Цитаты из книги «Игра в бисер», страница 3
Если музыка деградировала, то это бывало верным признаком гибели правления и государства.
Деятельность примиряет с любой ситуацией.
Поэтому музыка благоустроенного века спокойна и радостна, а правление ровно. Музыка неспокойного века взволнованна и яростна, а правление ошибочно. Музыка гибнущего государства сентиментальна и печальна, а его правительство в опасности.
Чтобы человек пожелал спасения и спасительной веры, чтобы он перестал радоваться мудрости и гармонии своих мыслей и взял на себя великую смелость поверить в чудо спасения, для этого надо сперва, чтобы ему пришлось плохо, очень плохо, чтобы он изведал горечь и отчаяние, оказался в безвыходном положении.

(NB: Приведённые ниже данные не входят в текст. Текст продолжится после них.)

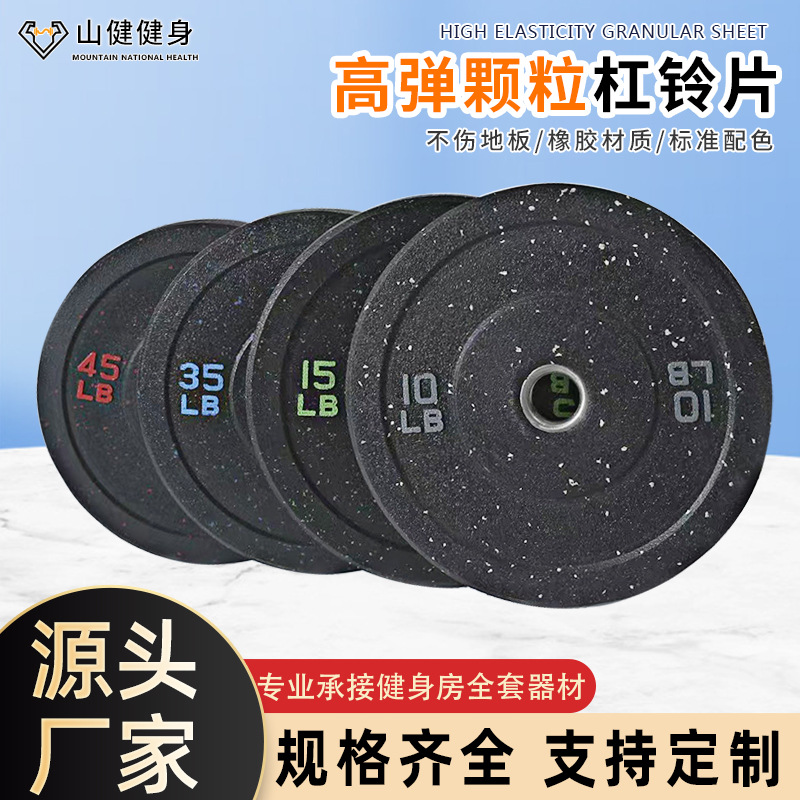 颗粒杠铃片商用健身房举重抗摔健身美体彩色高弹颗粒小孔哑铃片
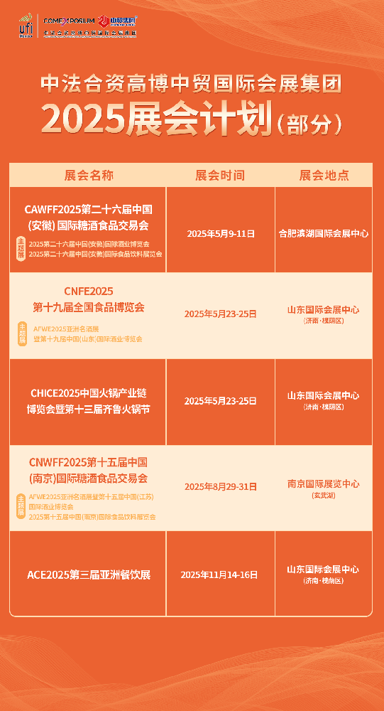 近日,中法合資高博中貿(mào)國際會展集團經(jīng)過科學(xué)論證與研討,確定了旗下部分重要展會的舉辦檔期。其中,CAWFF2025第二十六屆中國 (安徽)國際糖酒食品交易會將于2···

Пристанищ не искать, не приживаться,
Ступенька за ступенькой, без печали,
Шагать вперед, идти от дали к дали,
Все шире быть, все выше подниматься
Итак, путь его шел по кругу, или по эллипсу, или по спирали, как угодно, только не по прямой, ибо прямолинейность была явно свойственна лишь геометрии, а не природе жизни
Он был по горло сыт этими миражами, этим демоническим сплетением событий,
радостей и страданий, от которых сжималось сердце и стыла кровь и которые потом вдруг оказывались майей, и оставляли тебя в дураках, он был по горло сыт всем, ему уже не нужно было ни жены, ни ребенка, ни престола, ни победы, ни счастья, ни ума, ни власти, ни добродетели. Ничего ему не нужно было, кроме покоя, кроме конца, ничего ему не хотелось, хотелось только остановить и уничтожить это вечно вертящееся колесо, эту бесконечную вереницу картин. Он хотел остановить и уничтожить себя самого, как хотел этого тогда, когда в
той последней битве бросался на врагов, раздавал и принимал удары, наносил и получал раны, пока не рухнул. Но что потом? Потом будет пауза обморока, или забытья, или смерти. А сразу же после этого ты снова очнешься, снова должен будешь вбирать в себя сердцем потоки жизни, а глазами страшную, прекрасную, ужасную череду картин, бесконечно, неотвратимо, до следующего обморока, до следующей смерти. Но она, может быть, лишь пауза, лишь короткая, крошечная передышка, а потом все пойдет дальше, и ты снова будешь одной из тысяч фигур в дикой, хмельной, отчаянной пляске жизни. Увы, прекратить это нельзя было,
конца этому не было.
"Тот мастер Игры или учитель, который пекся бы прежде всего о близости к "сокровенному смыслу", был бы очень плохим учителем. Я, например, признаться, за всю жизнь не сказал своим ученикам ни слова о "смысле" музыки; если он есть, то он во мне не нуждается. Зато я всегда придавал большое значение тому, чтобы мои ученики хорошенько считали восьмые и шестнадцатые. Будешь ли ты учителем, ученым или музыкантом, благоговей перед "смыслом", но не думай, что его можно преподать. Из-за своих потуг преподать "смысл" философы истории загубили половину мировой истории, положили начало фельетонной эпохе и половины в потоках пролитой крови. И если бы я должен был знакомить учеников, например, с Гомером или греческими трагиками, я не пытался бы внушать им, что поэзия - это проявление божественного начала, а постарался бы открыть им доступ к поэзии через тонкое знание ее языковых и ритмических средств. Дело учителя и ученого - изучать такие средства, беречь традиции, соблюдать чистоту методов, а не вырывать и форсировать те неописуемые ощущения, которые достаются в удел избранным, кстати сказать, страдальцам и жертвам".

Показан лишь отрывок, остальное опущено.